This article aims to highlight a urologist’s perspective on the current role of PAE and its future in treating LUTS secondary to BPH.

EFFICACY

Evaluating BPH can be challenging due to the subjective nature and perception of patient symptoms. The same issues also translate to difficulties in measuring procedural success. Objective scores using standardized questionnaires, such as the International Prostate Symptom Score (IPSS) and Sexual Health Index for Men, are routinely used to track outcomes, specifically after an intervention.

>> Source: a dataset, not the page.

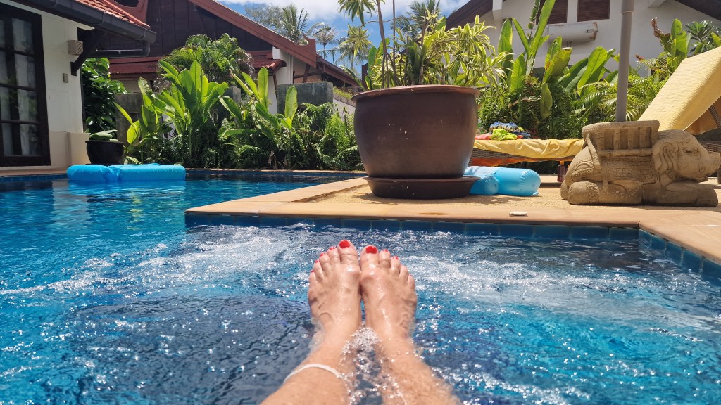 Early the next morning I took a taxi back to the airport and flew to Krabi. Was picked up by a driver I have a lot of confidence in and after lunch I was in my beloved house. Installed myself and soon after jumped into the pool with the thirty-two-degree water. Lovely!

Historically, the gold standard for bladder outlet procedures has been transurethral resection of the prostate (TURP). This is true also for PAE, where outcomes have been compared to TURP in five RCTs.^7-12 However, one challenge with the current body of literature is the use of TURP as the primary comparator to assess the efficacy of PAE, since this may minimize the true clinical value PAE can provide. PAE can indeed treat a wide range of prostate sizes. In larger prostates (> 80 g), it may be best compared to enucleation (suprapubic prostatectomy or holmium/thulium laser enucleation of the prostate), against which it is a valuable minimally invasive option with a favorable side effect profile. PAE consistently demonstrates similar outcomes to TURP in improving patient perception of symptoms and quality of life (QOL) in the intermediate-term follow-up. Clinical parameters include patient questionnaires, uroflowmetry, postvoid residual, prostate volume, and, when performed, urodynamics. Although several studies showed noninferiority for several parameters, there was a more significant improvement in uroflowmetry and less frequent retreatment rates in the TURP group.^7-12 Although these comparative studies are helpful, results are hard to generalize due to clinical heterogeneity and the nature of retrospective matching. Therefore, it is hard to quantify the real impact of these differences from a clinical point of view, especially when both options show significant improvement from baseline.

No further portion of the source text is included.